9. Таинственная бледность
Еще одна, уже знакомая нам и довольно стабильная примета романтических персонажей, в частности, тех же гоголевских русалок, – бледность: «Вся она была бледна, как полотно, как блеск месяца». Ср. представителей совершенно иного вроде бы литературного ряда: это Шульц из «Истории двух калош» – «молодой человек с бледным лицом и впалыми глазами» – и Софья Мирославцева из «Графа Обоянского»: «В полусвете сада она казалась бледною, безжизненною, как мрамор»[637]. Маркированная бледность – черта, утилизованная бытовой модой в качестве интригующей, «интересной», – обычно указывала на фантомный, вообще нездешний, спиритуально-неземной характер персонажа – причем не только в положительном, но и в отрицательном, демонологическом плане (ср. привидения); или же на его мертвенность, соотносимую с этой неотмирностью и столь же амбивалентную.
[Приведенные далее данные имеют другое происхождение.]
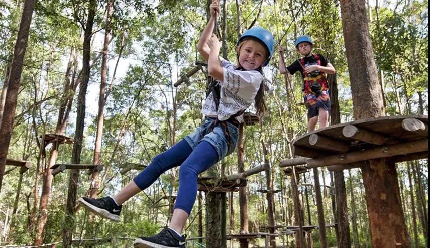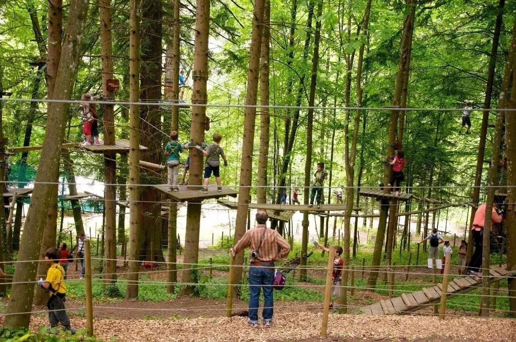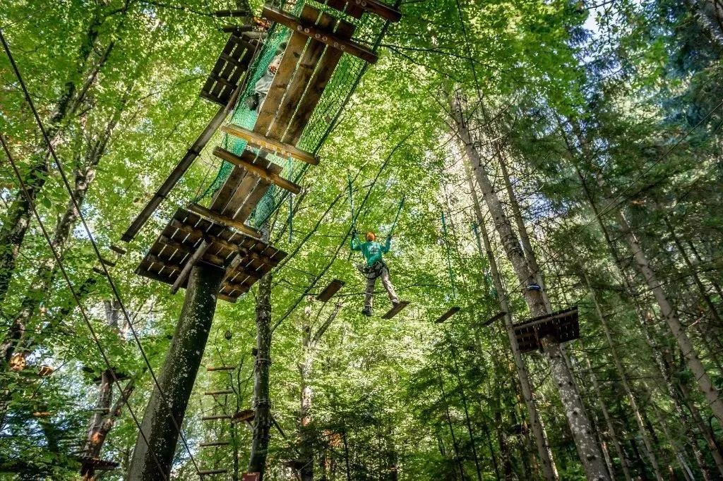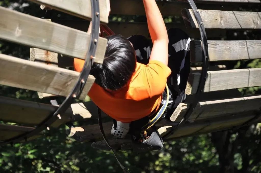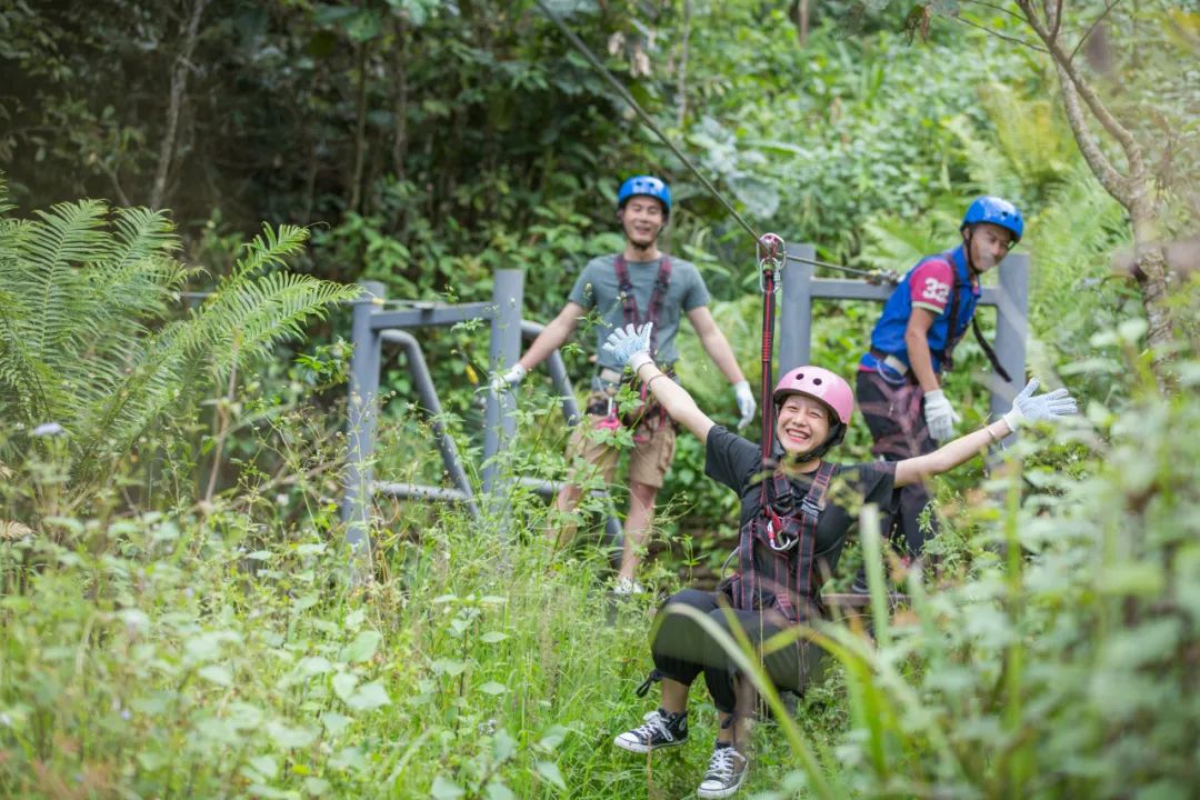 通过爬、跳、滑、跨等刺激动作,体验凌空在竹海里穿梭
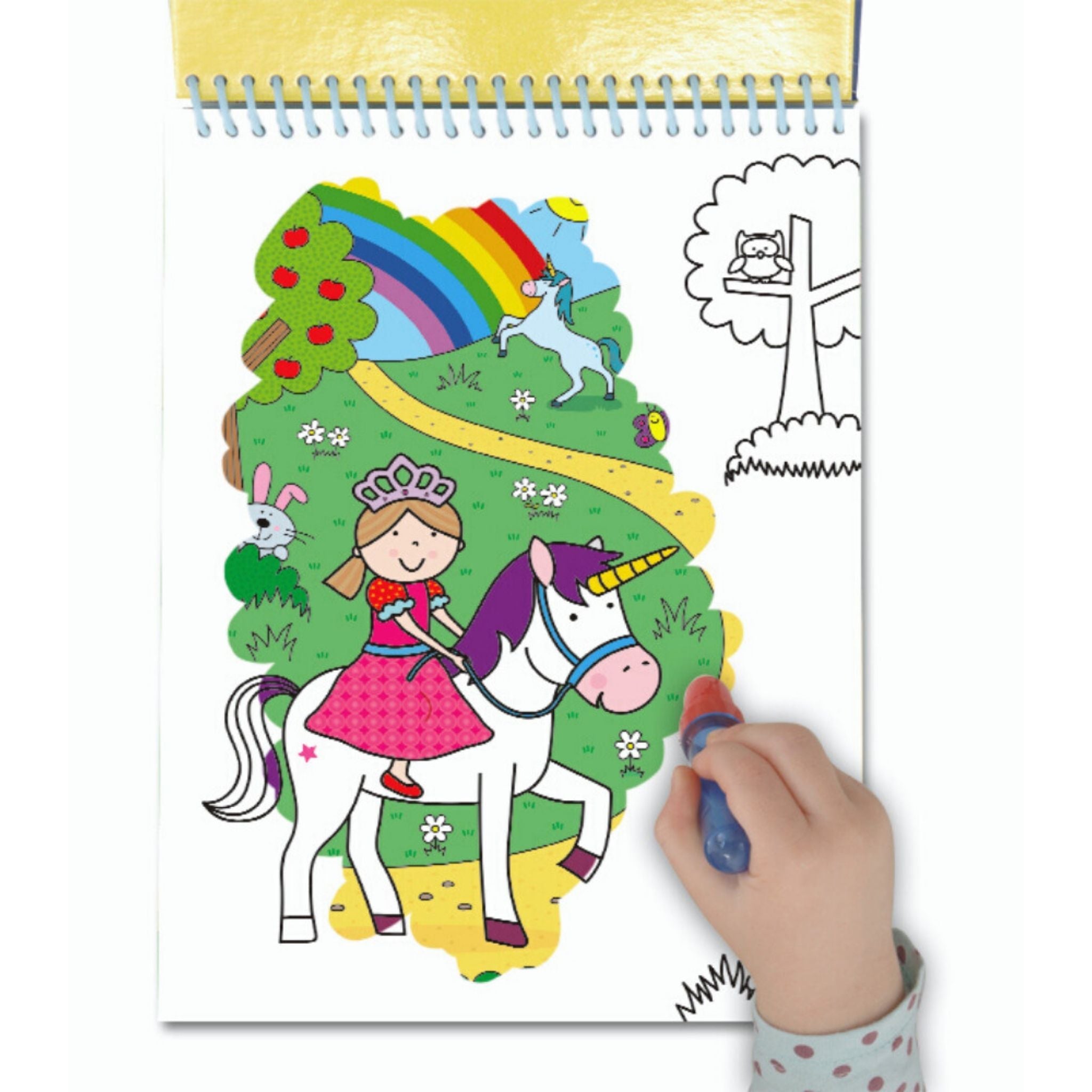 Galt Water Magic Sihirli Kitap Unicorns, çocukları unicorn temalı büyülü bir dünyaya davet eden, suyla çalışan ve tekrar tekrar kullanılabilen özel bir boyama kitabıdır. Galt tarafından geliştirilen bu eğlenceli aktivite kitabı, çocukların hayal gücünü desteklerken öğrenme sürecini keyifli hale getirir. Sihirli kalemle yapılan boyama sayesinde çocuklar her kullanımda yeni bir keşif yaşar ve boyama deneyimini güvenli bir şekilde deneyimler. Kitap üzerinde yer alan özel kalem su ile doldurularak kullanılır. Siyah beyaz sayfalar üzerinde gezdirildiğinde Unicornlar ve gizli detaylar rengarenk şekilde ortaya çıkar. Sayfalar kuruduğunda yeniden siyah beyaz haline döner ve kitap tekrar kullanılabilir. Hafif ve kompakt yapısı sayesinde evde, seyahatte ve dış mekânlarda çocukların keyifle vakit geçirmesine olanak tanır.
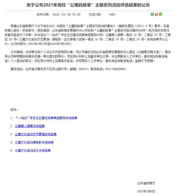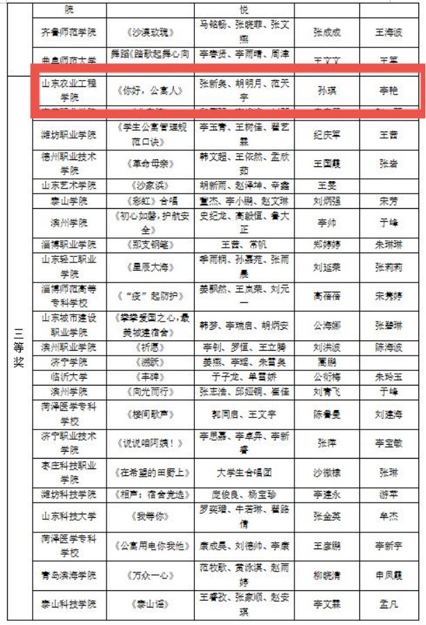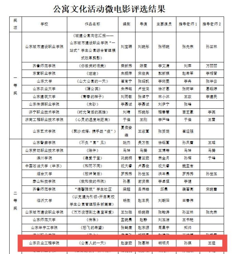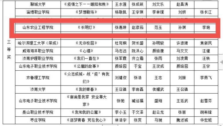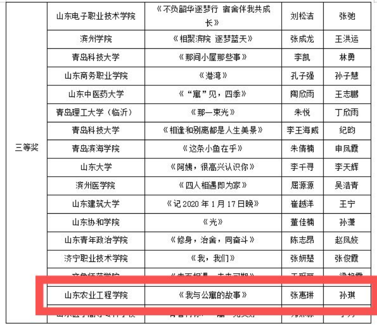 Recently, the Selection Results of the 2021 University "Apartment Story" Theme Series Activities has announced by the Education Department of Shandong, the teachers and students of our school performed outstandingly and won awards in several programs. Among them, Sun Qi and Wang Meng won the second prize, three teachers including Li Yan won the third prize, three students including Zhao Yanru won the second prize, and six students including Zhang Huilin won the third prize.
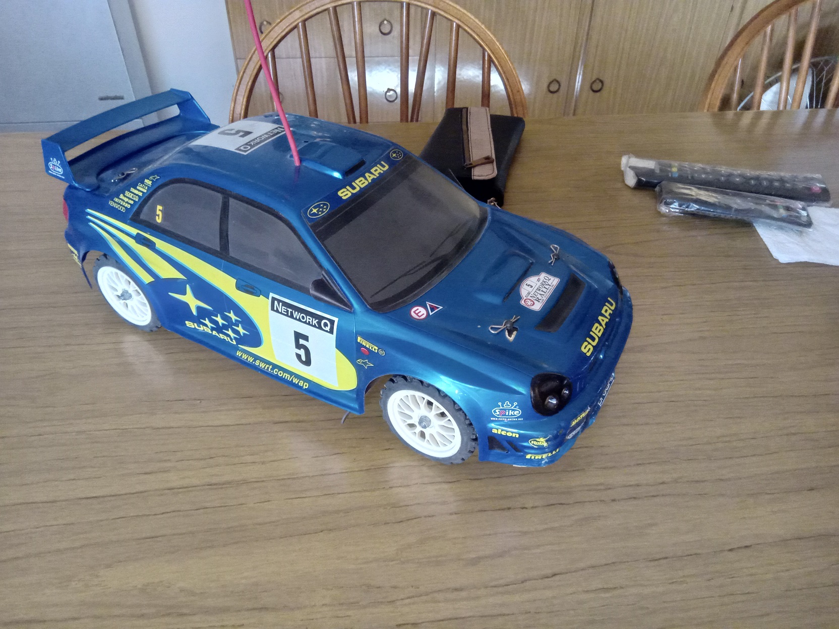 Tambien compre el Subaru de Altaya RC, el cual disfruto mas seguido que la Patrol, pero en este caso destrui dos baterias Lipo, una por un cargador de medio pelo y la otra por descargar demasiado la bateria (me entusiasme conduciendolo). Este modelo tiene un motor de 35000 RPM, 260 Watts, que con la multiplicacion de engranajes adecuada que tiene ahora alcanza los 70 km/h. Para que no me pase lo de la descarga, aplique conocimientos electronicos e ingenio haciendo una plaquetita que corte el suministro de electricidad cuando llega a cierto valor.

Такие черты в 1829 г. запечатлел Погодин в портрете своего злополучного восемнадцатилетнего героя («Черная немочь»): «Лицо совершенно обтянутое, бледное, как полотно; в глазах у него заметно было что-то возвышенное и благородное, но они были тусклы, впалы, и только изредка из-под густых бровей сверкал луч жизни»[638]. Эта таинственная бледность, либо могильная, либо «благородная», либо и та и другая – в зависимости от контекста, – становится почти обязательным клише. Ср. панаевскую Софию: «Ее лицо было задумчиво; оно всегда мыслило, всегда говорило; что-то болезненно-бледное было в цвете лица ее, что-то страшно тоскливое в ее черных, глубоких очах <…> Для чего родятся такие существа? Для чего живут они? Многие ли поймут их и оценят?»[639] Мы видим, что неопределенные местоимения – «что-то», «какое-то» – постоянно заволакивают этот типаж дымкой потусторонней загадочности. Ср. уже вполне трафаретную героиню – Эрнестину из повести барона Анастасия Вольфа «Две могилы» (1838): «Лицо ее было бело, как снег, или даже [sic] бледно. Оно выражало какую-то томность, какую-то мечтательность. Она была похожа на Пери, грезящую о рае»[640].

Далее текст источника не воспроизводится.